Activity>
The data below contains pictures, which are to be skipped; the lines starting at the line with "法国摄影师仰拍香港摩天大楼 令人晕眩" and ending at the line with "loads of logo" are to be output exactly, both ends included.

Supplied material>
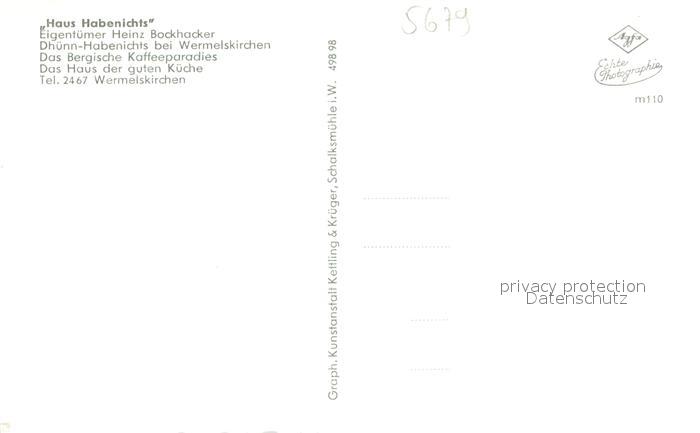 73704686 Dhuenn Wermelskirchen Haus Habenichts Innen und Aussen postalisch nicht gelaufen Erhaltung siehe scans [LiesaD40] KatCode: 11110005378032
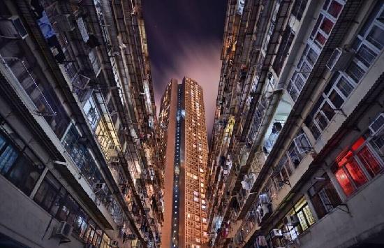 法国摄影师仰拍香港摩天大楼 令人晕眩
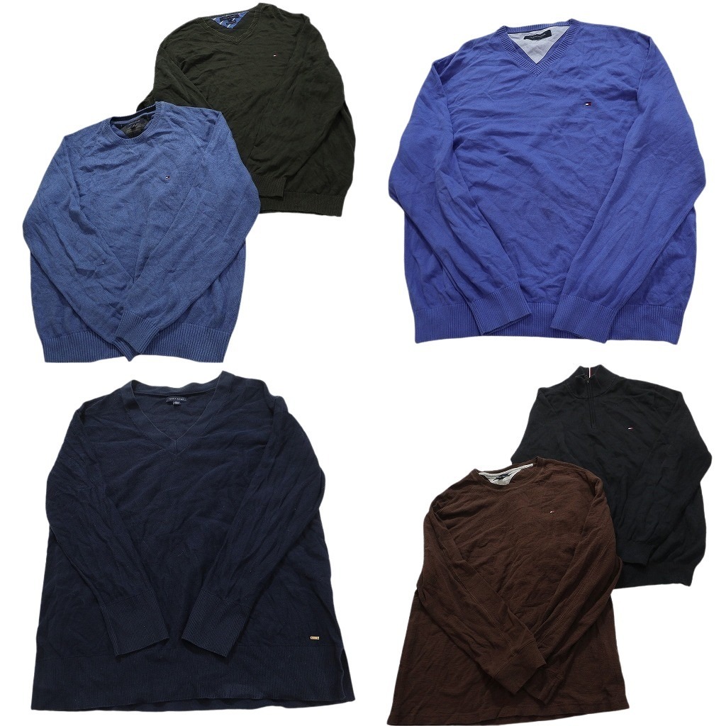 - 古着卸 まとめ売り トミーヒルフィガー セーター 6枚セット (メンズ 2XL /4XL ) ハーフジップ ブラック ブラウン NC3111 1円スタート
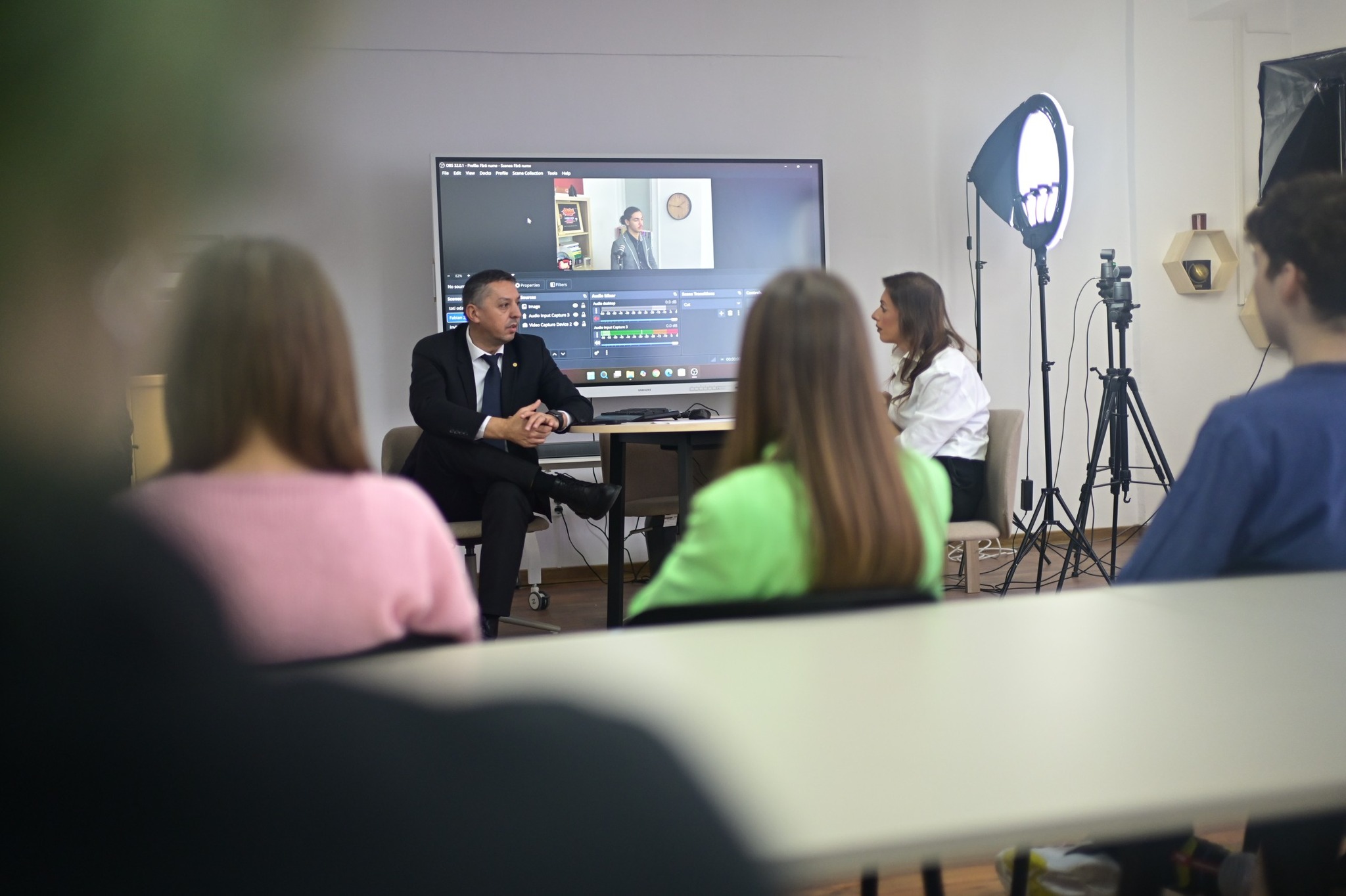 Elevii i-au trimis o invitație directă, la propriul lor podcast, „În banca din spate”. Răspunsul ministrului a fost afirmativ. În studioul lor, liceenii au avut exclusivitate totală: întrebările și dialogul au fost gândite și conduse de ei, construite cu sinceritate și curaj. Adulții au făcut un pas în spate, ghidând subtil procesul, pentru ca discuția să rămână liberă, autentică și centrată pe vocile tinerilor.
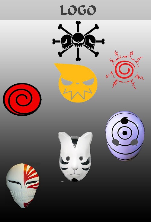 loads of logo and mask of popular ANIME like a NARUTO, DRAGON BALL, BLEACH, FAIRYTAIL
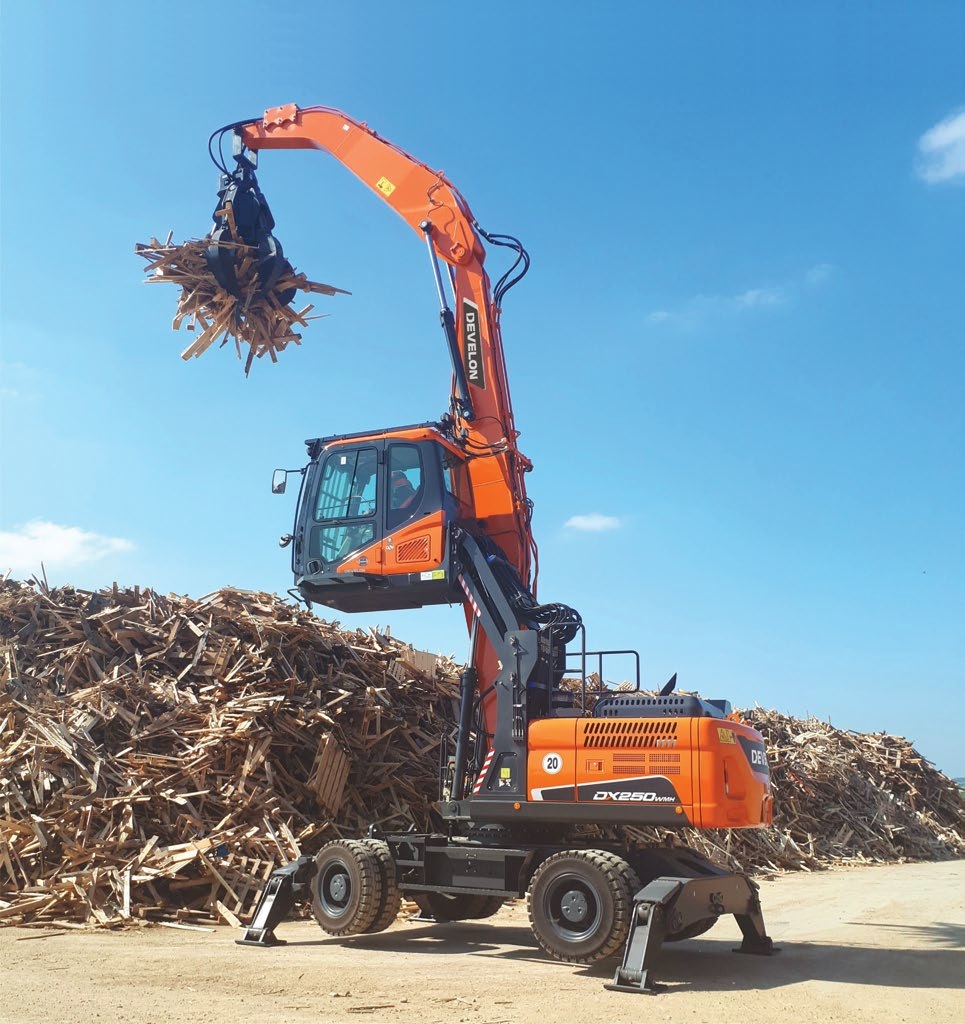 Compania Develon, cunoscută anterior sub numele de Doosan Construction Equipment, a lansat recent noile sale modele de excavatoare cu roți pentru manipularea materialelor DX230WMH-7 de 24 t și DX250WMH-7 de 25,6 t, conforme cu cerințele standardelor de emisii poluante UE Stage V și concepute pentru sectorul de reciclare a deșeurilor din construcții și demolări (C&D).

Reply to the exercise>
 法国摄影师仰拍香港摩天大楼 令人晕眩
 - 古着卸 まとめ売り トミーヒルフィガー セーター 6枚セット (メンズ 2XL /4XL ) ハーフジップ ブラック ブラウン NC3111 1円スタート
 Elevii i-au trimis o invitație directă, la propriul lor podcast, „În banca din spate”. Răspunsul ministrului a fost afirmativ. În studioul lor, liceenii au avut exclusivitate totală: întrebările și dialogul au fost gândite și conduse de ei, construite cu sinceritate și curaj. Adulții au făcut un pas în spate, ghidând subtil procesul, pentru ca discuția să rămână liberă, autentică și centrată pe vocile tinerilor.
 loads of logo and mask of popular ANIME like a NARUTO, DRAGON BALL, BLEACH, FAIRYTAIL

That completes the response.